According to Thomas Goldsmith of The Raleigh News & Observer, "The Cuckoo" is an interior monologue where the singer "relates his desires — to gamble, to win, to regain love's affection."

The song is featured in the E.L. Doctorow book The March. A soldier suffering from a metal spike stuck in his head sings verses from the song.

==Synopsis==
Usually, but not always, the song begins with a verse about the cuckoo, for example:

The cuckoo is a fine bird he sings as he flies,
He brings us good tidings and tells us no lies.
He sucks the sweet flowers to make his voice clear,
And the more he cries cuckoo, the summer is nigh.

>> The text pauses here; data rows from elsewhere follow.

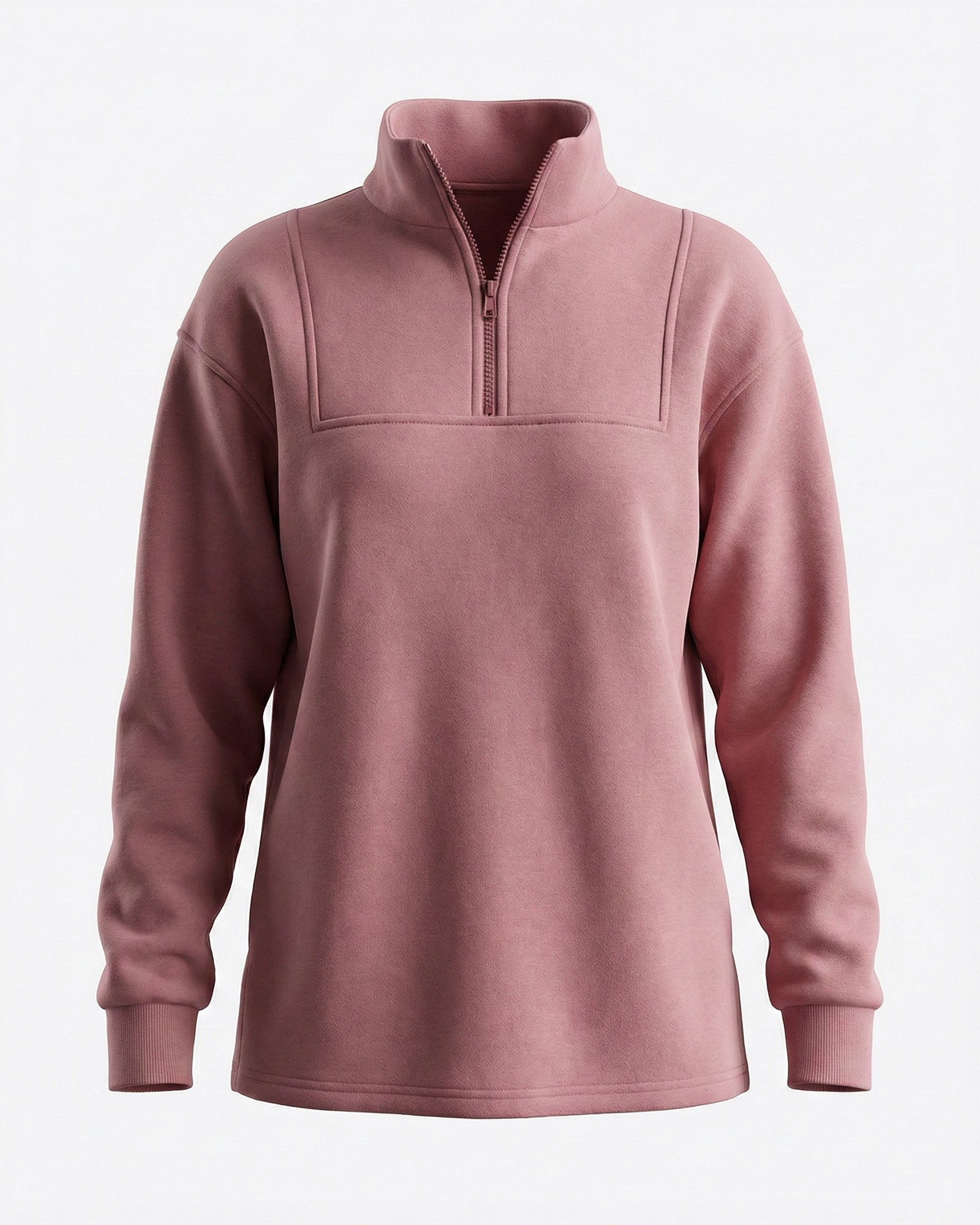 Однотонний світшот з блискавкою та боковими розрізами внизу. Модель з довгими рукавами, опущеними плечовими швами та широкими манжетами. Всередині...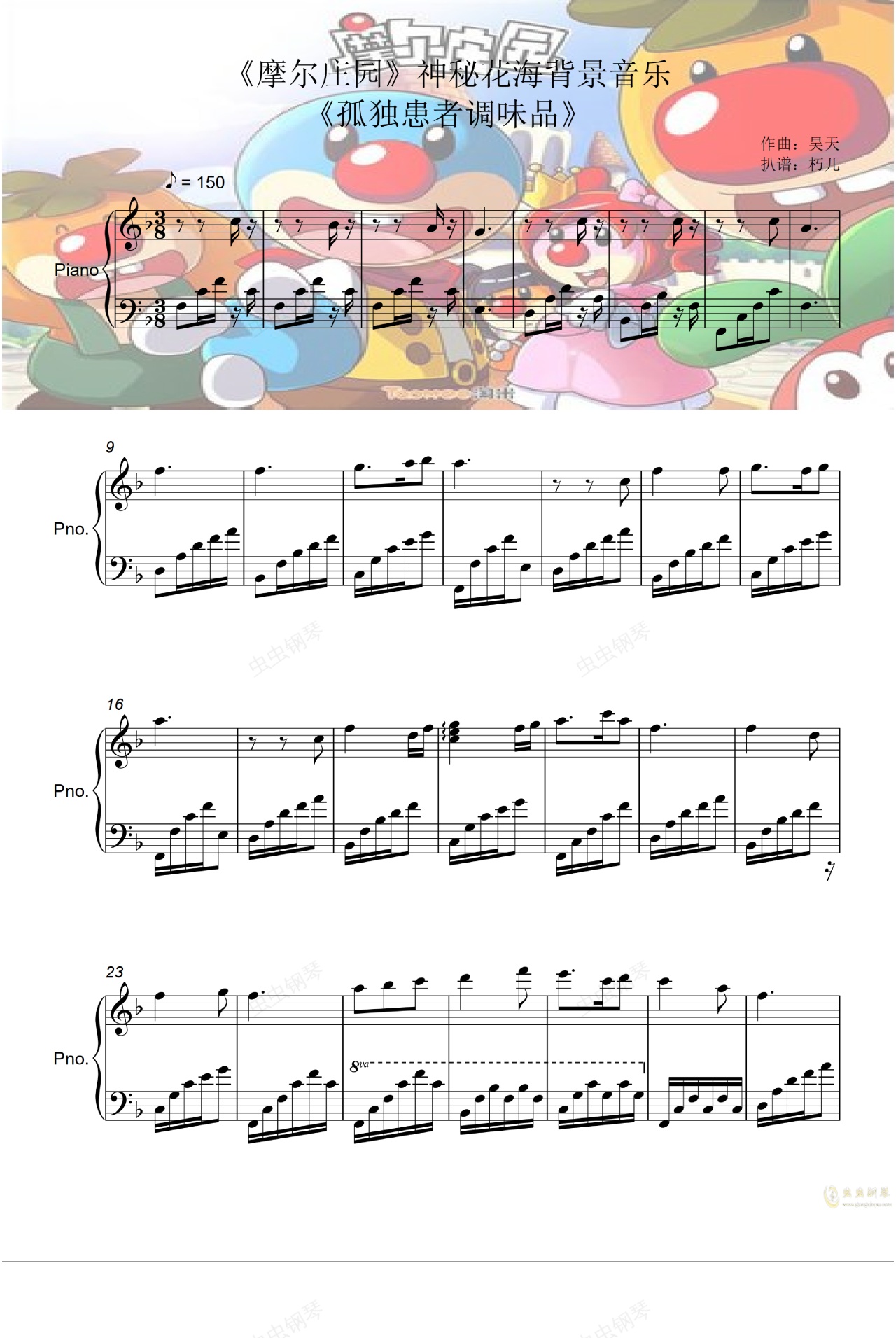钢琴谱:《摩尔庄园》神秘花海背景音乐《孤独患者调味品》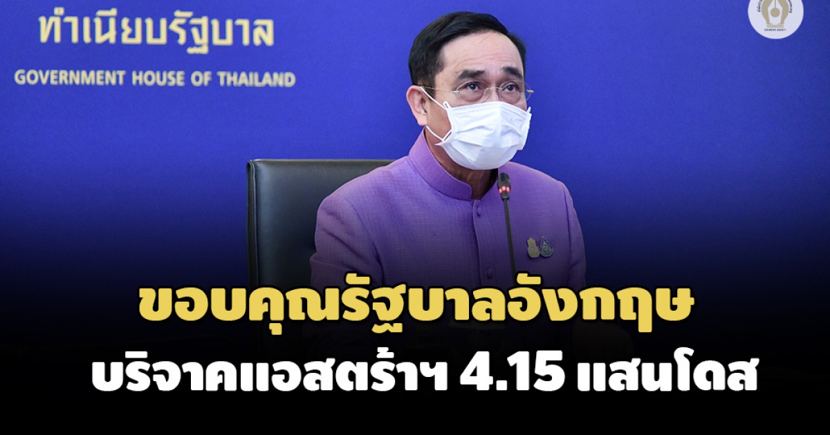 นายกรัฐมนตรีขอบคุณรัฐบาลอังกฤษ ส่งมอบวัคซีน 'แอสตร้าเซนเนก้า' ให้ไทยอีก 415,040 โดส คาดได้รับช่วงต้นเดือน ส.ค.นี้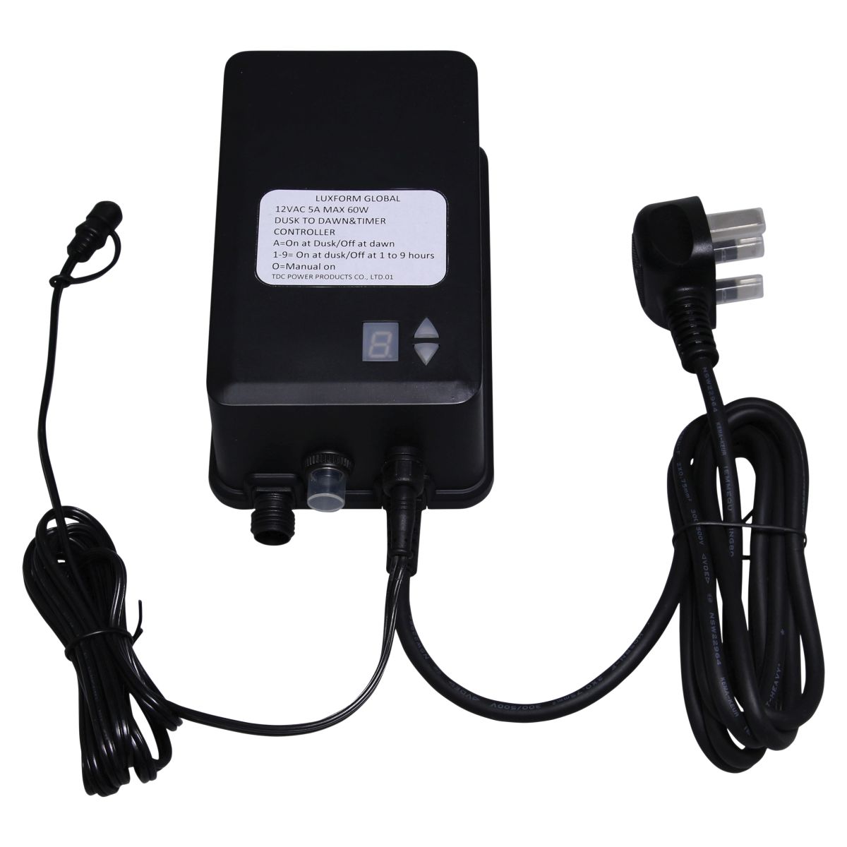 Luxform Lighting 60W transformer with built in On, Off, Auto and 1-9 hour photocell timer and dusk / dawn sensor. Input: 230Vac 50Hz BS moulding plug. Output: 12Vac 60W female plug.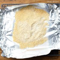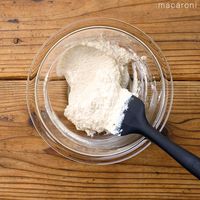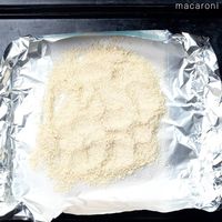 クッキングシートを敷いた天板に、粉末状にしたオートミールとアーモンドプードルをのせ、軽く混ぜて平にならします。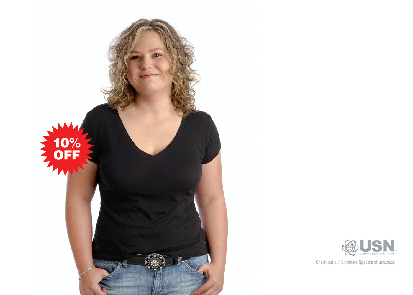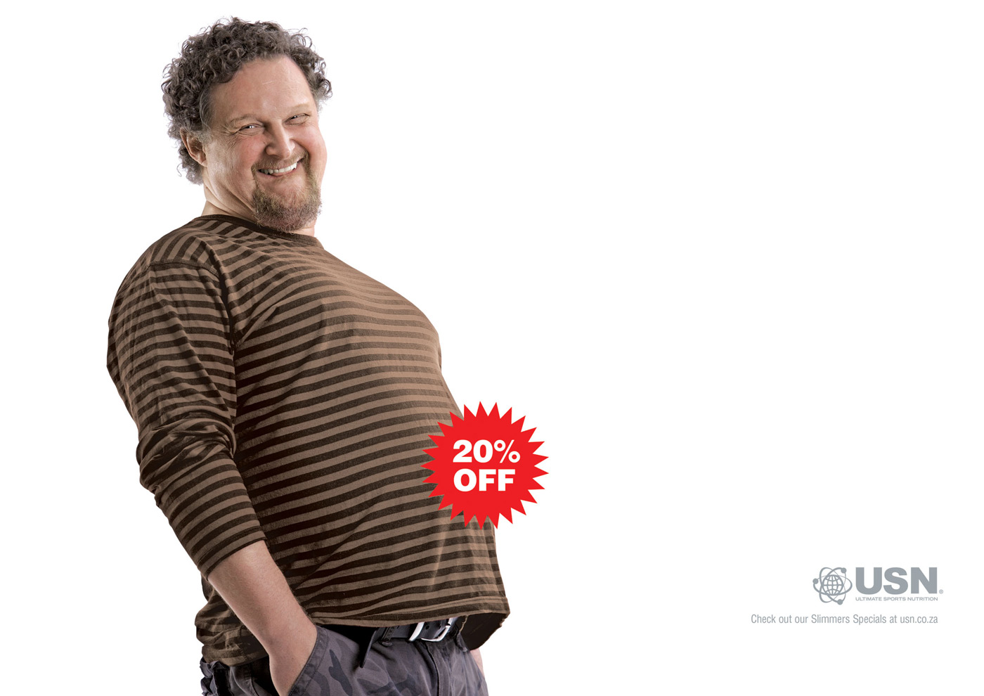 Ultimate Sports Nutrition помогает худеть со вкусомUltimate Sports Nutrition разработали целый ряд пищевых добавок, которые позволяют одновременно и наслаждаться вкусом еды и терять при этом калории. Многие знаменитости уже воспользовались услугами системы - чемпионы по регби, именитые культуристы, победители Tour De France и многие другие известные люди. При этому USN не останавливаются на работе со знаменитостями и стараются быть ближе обычному потребителю. В новой рекламной кампании от Volcano Advertising плакаты привлекают внимание клиента, одновременно обещая и потерю лишних процентов веса и скидку при покупке новых программ USN.Слоган: "Посмотрите наши Спец-диеты на usn.co.za." Advertising Agency: Volcano Advertising, Johannesburg, South Africa Executive Creative Director: Brad Copeman Creative Director: Glenn Jeffery Art Director: Francois Boshoff Copywriter: Tasha Hodgson |

(In many American versions, the cuckoo patriotically "never sings 'cuckoo' till the fourth of July". In some ornithologically observant English versions "she sucks little birds' eggs to make her voice clear.")

A young woman (usually - sometimes a young man) complains of the inconstancy of young men (or women) and the pain of losing in love. The song often consists mainly of "floating" verses (verses found in more than one song expressing common experiences and emotions), and apart from the constant cuckoo verse, usually sung at the beginning, there is no fixed order, though sometimes a verse sounds as if it is going to be the start of a story:

A-walking, a-talking, a-walking was I,
To meet my true lover, he'll come by and by,
To meet him in the meadows is all my delight,
A-walking and talking from morning till night.

but then:

O, meeting is a pleasure and parting is a grief,
An unconstant lover is worse than a thief,
A thief can but rob you and take all you have,
An unconstant lover will bring you to the grave.

Often there is a cautionary moral:

Come all pretty maidens wherever you be,
Don't trust in young soldiers to any degree,
They will kiss you and court you, poor girls to deceive,
There's not one in twenty poor girls can believe.

Or a more symbolic warning, here in a Mississippi version:

Come all you fair maidens take warning of me,
Don't place your affections on a sycamore tree,
For the top it will wither, and the roots they will die,
And if I'm forsaken, I know not for why.

===Bunclody===
An Irish song, this uses a similar tune and starts with verses extolling the beauty of Bunclody, a town in Co. Wexford. The third verse is the standard "Cuckoo is a pretty bird" and after an adapted floating verse:

If I were a clerk
And I could write a good hand
I would write to my true love
So that she'd understand
That I am a young fellow
Who is wounded in love
Once I lived in Buncloudy [sic]
But now must remove.

The song ends in a sad verse about emigration. There is a recording of this song by Luke Kelly of The Dubliners.

===Note on the Cuckoo===
The cuckoo (Cuculus canorus) was until recent times a common visitor to the English countryside in spring and early summer, and its distinctive call was considered the first sign of spring. It is a nest parasite, and the female really does eat an egg of the host species when she lays her own egg in the nest. It is an important bird in folklore.

The cuckoo has traditionally been associated with sexual incontinence and infidelity. An old name for the cuckoo was "cuckold's chorister", and old broadsides played on the idea that the cuckoo's call was a reproach to husbands whose wives were unfaithful:

The smith that on his anvill the iron hard doth ding:
He cannot heare the cuckoo though he loud doth sing
In poynting of plow harnesse, he labours till he sweat,
While another in his forge at home may steale a private heat.
– From The Cuckowes Comendation: / Or, the Cuckolds Credit: Being a merry Maying Song in Praise of the Cuckow., c.1625

==History==
===Early printed versions===
"The Cuckoo" was published as a broadside by London and provincial printers, but does not seem to have been common. Broadsides are not precisely dated, but the earliest in the Bodleian Ballad Collection was published between 1780 and 1812 CE, the latest before 1845. The broadside texts are similar, of five verses starting with a "Come all ye" warning about courting sailors and with the cuckoo appearing in the second verse.

===Collecting===
The Roud Folk Song Index lists about 149 collected or recorded versions performed by traditional singers - 49 from England, 4 from Scotland, 2 from Ireland, 4 from Canada and 88 from the USA.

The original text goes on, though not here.